The prospects for a relocated Anthony’s Restaurant near the City of Falls Church remain alive and well, buoyed by the determination of Tony and Faye Yiannarakis and their family to make it happen.
“Everything is looking good,” Tony Yiannarakis told the News-Press this week in a phone interview from his second Anthony’s location in Mannassas. He said the lease has not yet formally been signed, but everything is inclined to achieve that and be opened for business, once that happens, within three months. Of course, that also depends on how long it will take Fairfax County to process all his permits.
Over 40 years at its historic location in the 300 block of W. Broad St. in downtown Falls Church, the restaurant was made to close at the end of May when its lease expired, and the property sold to the Rushmark Co. and combined with other neighboring parcels for construction of a large mixed-use project anchored by a large Harris Teeter grocery.
Many hundreds of loyal patrons of the restaurant that catered to families and large pizza parties – hosting many a youth soccer team and birthday party – protested the closing of Anthony’s and have continued to work to help Tony, Faye and their two now grown children and their families find an affordable site to relocate.

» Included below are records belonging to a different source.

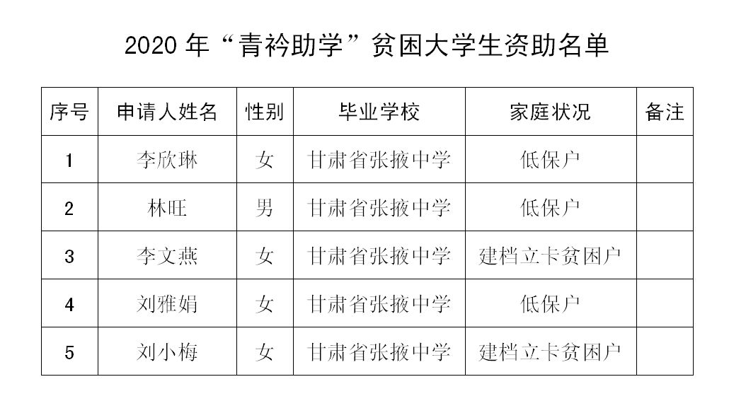 根據(jù)《張掖市慈善協(xié)會、甘肅省張掖中學(xué)、張掖市多成農(nóng)業(yè)有限公司關(guān)于開展2020年“青衿助學(xué)”的公告》,由張掖市多成農(nóng)業(yè)有限公司定向資助開展“青衿助學(xué)”活動。經(jīng)學(xué)生個人申請、“青衿助學(xué)”項目委員會審查、張掖中學(xué)審核入戶、市居民家庭經(jīng)濟(jì)狀況核對中心核對等程序,擬對李欣琳等符合條件的5名貧困大學(xué)生進(jìn)行資助,每人資助5000元?,F(xiàn)將資助學(xué)生名單公示如下(見附表),公示期為2020年8月19日至8月21日,共3天。如需反映有關(guān)情況或意見,由市慈善協(xié)會統(tǒng)一受理。
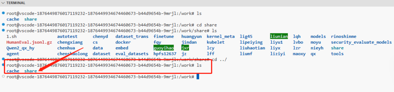 1、cache存储:开发机默认自带cache持久化存储目录。每个用户的每一个开发机都默认赠送50GiB的/work/cache目录。
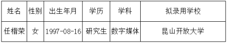 根據(jù)《2022年昆山市教育系統(tǒng)公開(kāi)選聘高層次人才公告》,任楷榮(人員信息附后)已通過(guò)昆山市教育局組織的筆試、面試、體檢(因懷孕緩檢)和考察,現(xiàn)進(jìn)行錄用公示,公示時(shí)間為2023年2月9日~2月17日。如對(duì)公示對(duì)象有異議,可在公示期間向昆山市教育局反映,聯(lián)系電話:57553129。
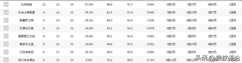 四川男篮则是成为最“特殊”的球队,以0胜23负,牢牢占据第二十名。
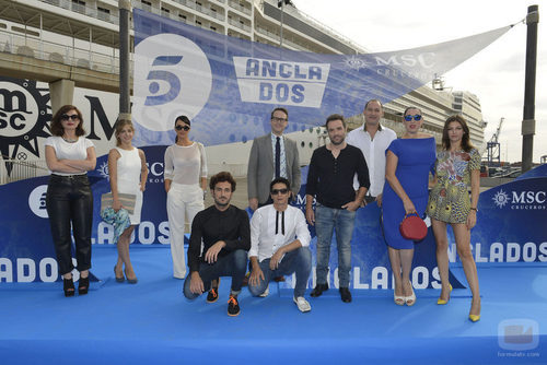 Los actores de la serie 'Anclados' posan ante la prensa frente a un crucero en el puerto de Valencia.

Talking to the News-Press this week, Tony said it was out of loyalty not only to his long-time Falls Church patrons, but also to his own employees of many years, that he is determined to reopen at a new spot at the intersection of Route 50 and Annandale Road. Three of his employees from the W. Broad location are already working at the Manassas location.
He said the menu will be similar to, but not exactly like, the famous ones used in the old W. Broad location. “We will add a few things,” he said.
With daughter Penny and her husband Pete and their child now in Greece for the marriage of Pete’s sister, the momentum to get the relocation achieved is temporarily slowed, Tony said.
Everything of value was moved out of the old location within a week after it was closed down in late May, but “90 percent of the equipment and fixtures” in the new location with be new, Tony said.
“They tell me that everything is looking good,” he said.